The Good Doctor

5 minute read

Lay Lay doesn’t yet have a name for her baby boy. The 23-year-old homemaker gave birth after a grueling eight-hour labor, having made the trip to Thailand alone from the Burmese town of Myawaddy. “I was scared to have my baby at home, as I didn’t have money for a doctor,” she says. “The doctors here made me feel safe.”

Lay Lay’s plight is a side effect of the world’s longest-running civil war, between Burma’s military and local ethnic rebel armies. The conflict has racked Burma, also known as Myanmar, for over half a century. Bloodshed and bitter poverty have claimed thousands of lives, destroyed infrastructure and forced more than 2 million refugees and migrant workers to eke out a better existence in comparatively booming neighbor Thailand.

This forsaken community has precious few options for health care, making the Mae Tao clinic, the free medical facility where Lay Lay gave birth, a lifesaver. Established by Dr. Cynthia Maung near the Thai border town of Mae Sot, Mae Tao treats more than 150,000 patients each year, including some 3,000 newborns—equivalent to a typical U.S. maternity ward.

But there are no gleaming floors or sterile hand-gel dispensers. Instead, a ramshackle collection of lichen-imbued concrete and wire huts is set amid a packed earth garden of calathea and palm. Patients lie on hard wooden or iron cots covered with mats or, if lucky, a thin mattress. Red spatters of betel juice mark the dusty courtyard.

It’s a testament to Burma’s woes that for so many of its people, Mae Tao represents the apex of medical care—and that the nation’s most famous doctor has lived in exile for a quarter-century. Dr. Cynthia, as she is affectionately known, was born in Burma’s then capital of Rangoon in 1959 but grew up just outside the sodden city of Moulmein to the south. After completing her medical studies, the ethnic Karen began working as a rural doctor and was constantly confronted by the hardships of ordinary people.

In 1988, student-led pro-democracy demonstrations convulsed the nation, only to be brutally quashed by the junta. Thousands died, and many more fled through the dense jungle to the relative safety of Thailand. Dr. Cynthia joined these bedraggled hordes, administering medical care as best she could despite the scarcity of equipment and medication. The next year, she and a few colleagues set up Mae Tao using supplies begged from missionaries and aid workers. At the outset, the clinic’s meager cache of instruments was sterilized in an aluminum rice cooker.

“We were just emergency medical relief in the conflict zone,” says Dr. Cynthia, attired in a traditional striped Karen tunic. “We were responding to the needs of new arrivals and never expected to stay on the border this long.” Over the next quarter of a century, Burma’s crisis festered and Mao Tao refashioned itself—first caring for ailing and injured students, then soldiers and refugees caught up in ethnic conflicts, and now undocumented migrant workers.

Today, Mae Tao boasts 200 clinical staff plus 300 providing training, education and support.
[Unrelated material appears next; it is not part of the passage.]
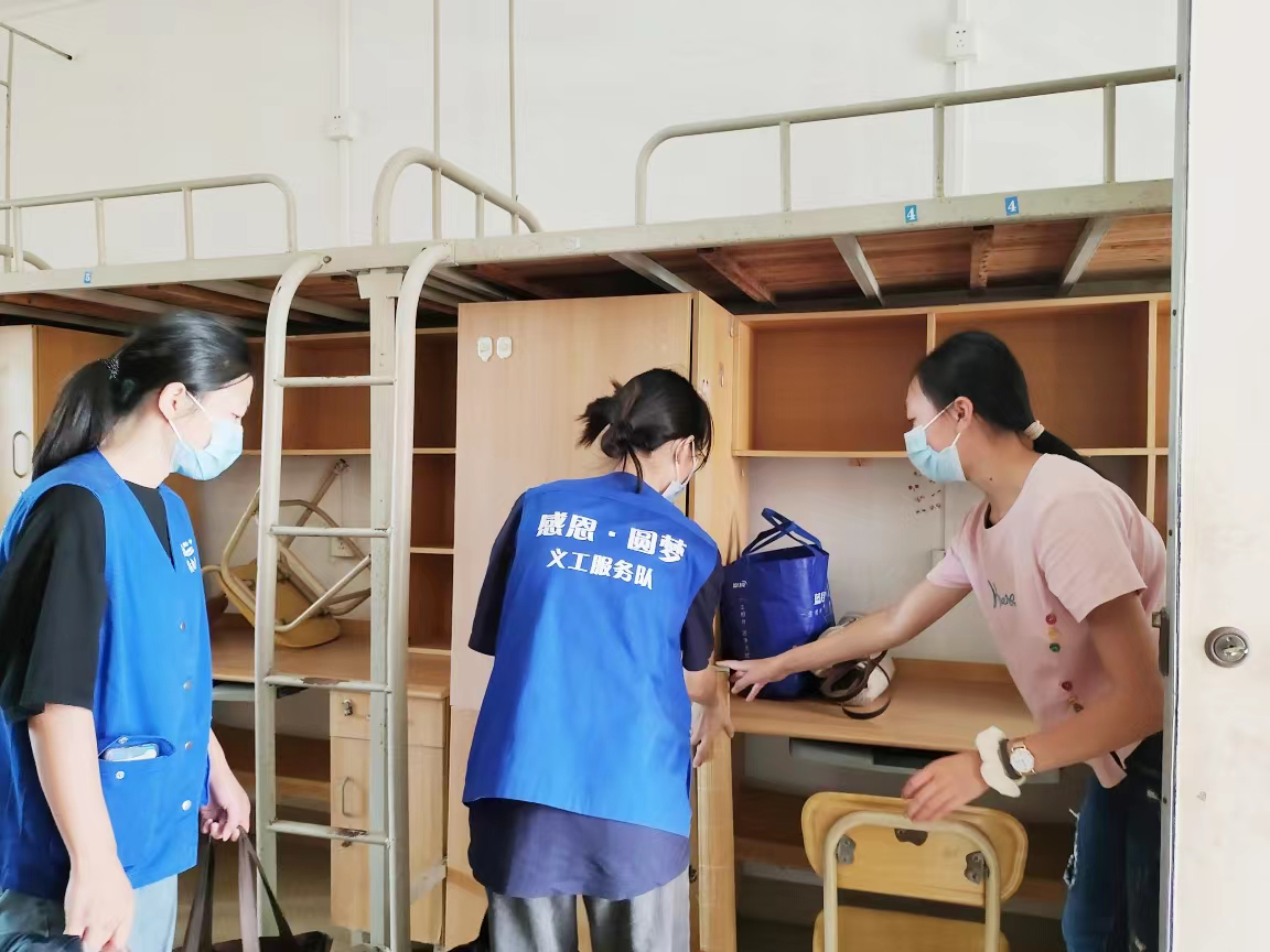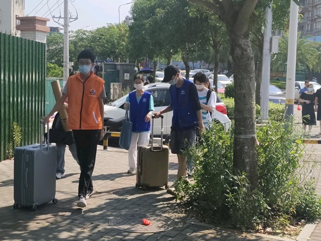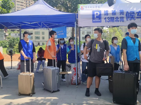 迎新使者们提前与新生联系,询问他们具体到校时间并提前在校门口等候,指引新生乘坐校园大巴到自己所属的苑区。2022级的新生们告别高中,踏入大学校园,开启大学新旅程。

Half the patients are Burmese working in Thailand with the remainder crossing over the border specifically to seek treatment. There are departments for immunizations, HIV/AIDS, laboratory tests, eye surgery, dentistry, respiratory disease as well as distinct local needs—such as a dedicated malaria ward and a vital prosthetics department.

Khin Maung Than’s left leg was crushed in a traffic accident six months ago. Without his cherished prosthetic, handcrafted to precisely match his stump, the 56-year-old Mandalay native would be unable to keep working as a motor-rickshaw driver. “Because of this prosthetic leg, I can still support my two children,” he says. “I couldn’t earn a living otherwise.”

But Khin Maung Than is far from typical. A glance through the department’s register reveals most patients were maimed by land mines. Mae Tao mops up after ongoing clashes between the Burmese government and myriad ethnic armed groups—wounded rebels sometimes share wards with enemy soldiers. “When they are not in the front line, they will not fight,” says Dr. Cynthia.

Since 2011 the long-closed Burma has been pried open. Media censorship has eased, political prisoners have been released and unfettered by-elections saw Nobel Peace Prize winner Aung San Suu Kyi elected to parliament. But precious little reform has trickled down to the border regions. Rape, forced labor and assaults are legion.

Reform brings other problems. Dr. Cynthia has been lionized with awards from all around the globe, but as key donors—including the U.S., Canada and Britain—become enchanted by Burma’s renaissance, crucial funds are siphoned from the impoverished frontier to projects inside the country. Clinical services at Mao Tao cost almost $2 million annually, but resources are only secure until mid-2015. “It’s very challenging if you don’t have funds,” says Dr. Cynthia. “People come here for medical care but have many needs. We have to look not at a disease but at an individual.” Individuals like Lay Lay’s son, who might not yet have a name but, thanks to Dr. Cynthia, now has a chance.